### What you have to do
Transcribe exactly the lines from the one holding "艶やかな赤にも魅了される「サ" through the closing line of the entries below. Pictures stay out of the copy.

+++

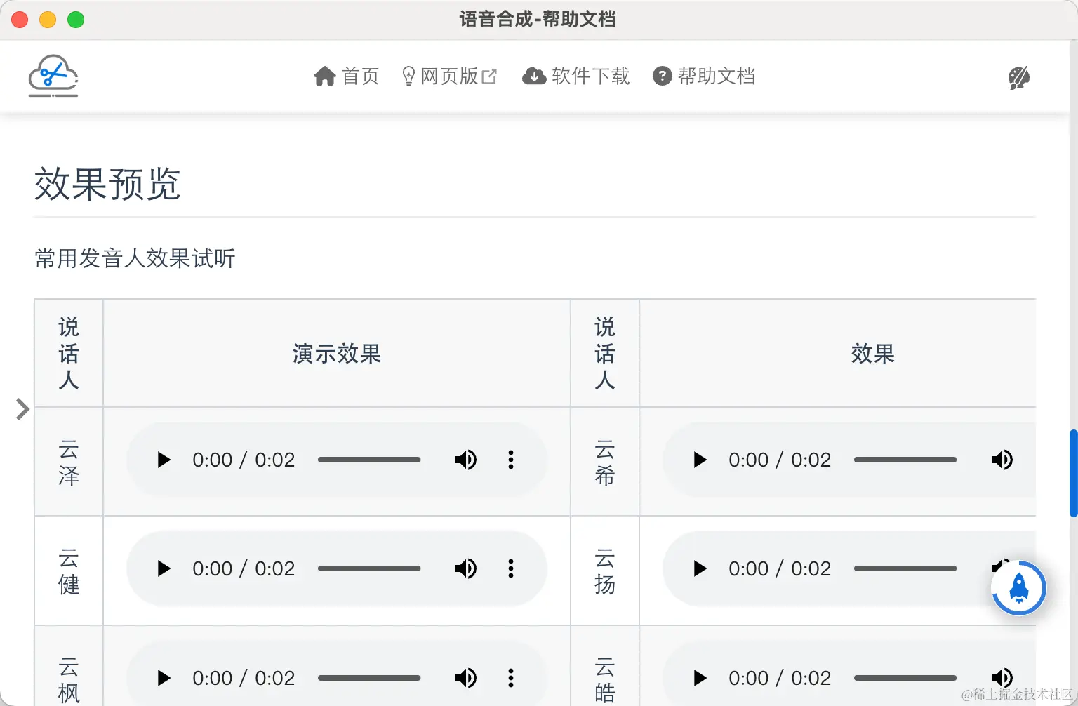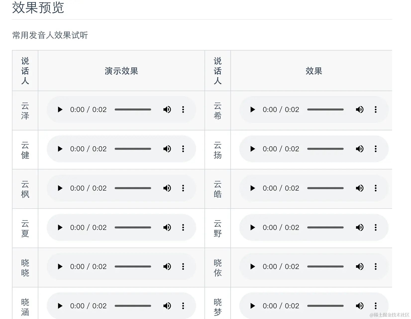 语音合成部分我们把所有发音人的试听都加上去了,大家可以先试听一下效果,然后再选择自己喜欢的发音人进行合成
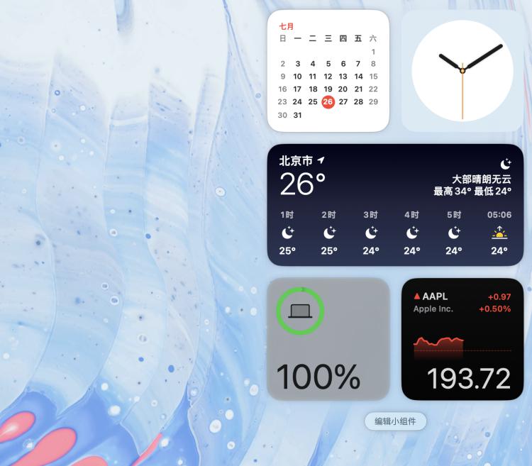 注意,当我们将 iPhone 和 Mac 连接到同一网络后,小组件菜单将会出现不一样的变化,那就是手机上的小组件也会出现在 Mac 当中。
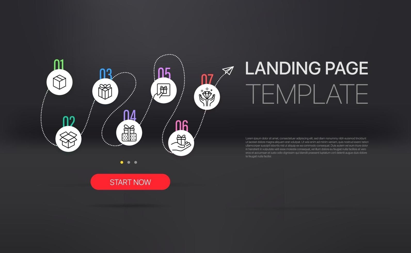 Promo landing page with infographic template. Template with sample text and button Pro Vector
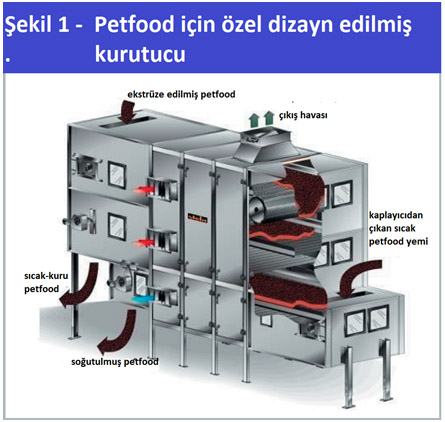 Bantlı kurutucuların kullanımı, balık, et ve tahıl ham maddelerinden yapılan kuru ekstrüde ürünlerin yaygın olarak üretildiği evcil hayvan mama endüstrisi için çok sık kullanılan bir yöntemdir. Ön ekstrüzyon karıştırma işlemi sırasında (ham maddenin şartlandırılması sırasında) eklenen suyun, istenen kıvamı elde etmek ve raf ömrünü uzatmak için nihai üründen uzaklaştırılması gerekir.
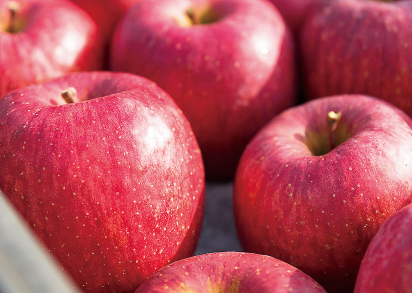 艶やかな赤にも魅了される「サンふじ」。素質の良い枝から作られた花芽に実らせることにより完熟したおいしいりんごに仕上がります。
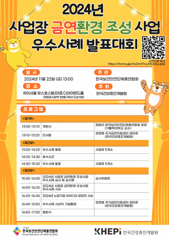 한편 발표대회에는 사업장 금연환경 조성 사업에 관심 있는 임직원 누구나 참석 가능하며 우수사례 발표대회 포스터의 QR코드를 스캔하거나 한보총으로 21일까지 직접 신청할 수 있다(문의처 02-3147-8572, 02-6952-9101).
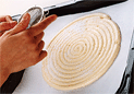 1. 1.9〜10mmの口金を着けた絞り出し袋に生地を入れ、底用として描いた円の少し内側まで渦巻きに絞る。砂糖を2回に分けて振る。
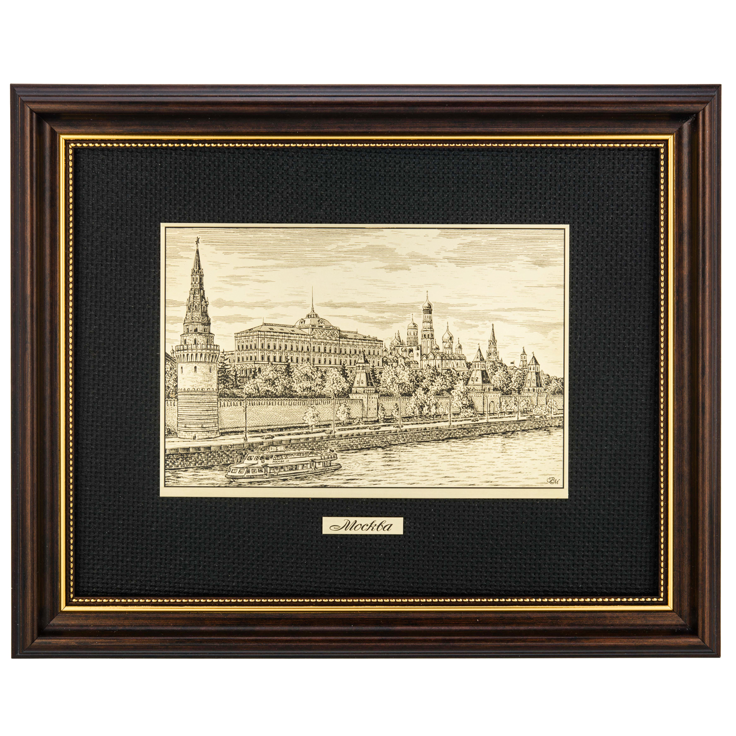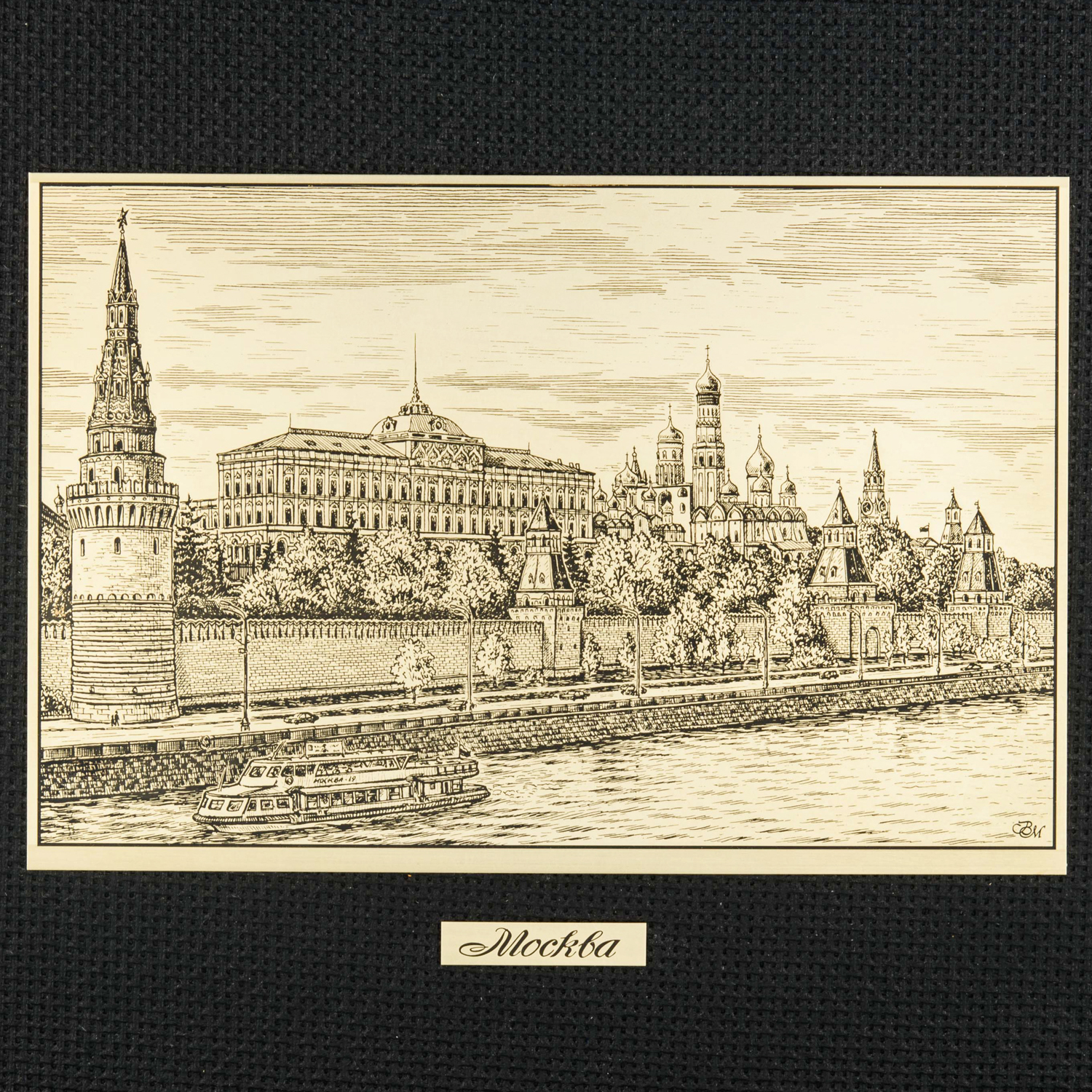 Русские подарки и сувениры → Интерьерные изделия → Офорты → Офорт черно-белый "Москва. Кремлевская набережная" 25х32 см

+++

### Response for this exercise
 艶やかな赤にも魅了される「サンふじ」。素質の良い枝から作られた花芽に実らせることにより完熟したおいしいりんごに仕上がります。
 한편 발표대회에는 사업장 금연환경 조성 사업에 관심 있는 임직원 누구나 참석 가능하며 우수사례 발표대회 포스터의 QR코드를 스캔하거나 한보총으로 21일까지 직접 신청할 수 있다(문의처 02-3147-8572, 02-6952-9101).
 1. 1.9〜10mmの口金を着けた絞り出し袋に生地を入れ、底用として描いた円の少し内側まで渦巻きに絞る。砂糖を2回に分けて振る。
 Русские подарки и сувениры → Интерьерные изделия → Офорты → Офорт черно-белый "Москва. Кремлевская набережная" 25х32 см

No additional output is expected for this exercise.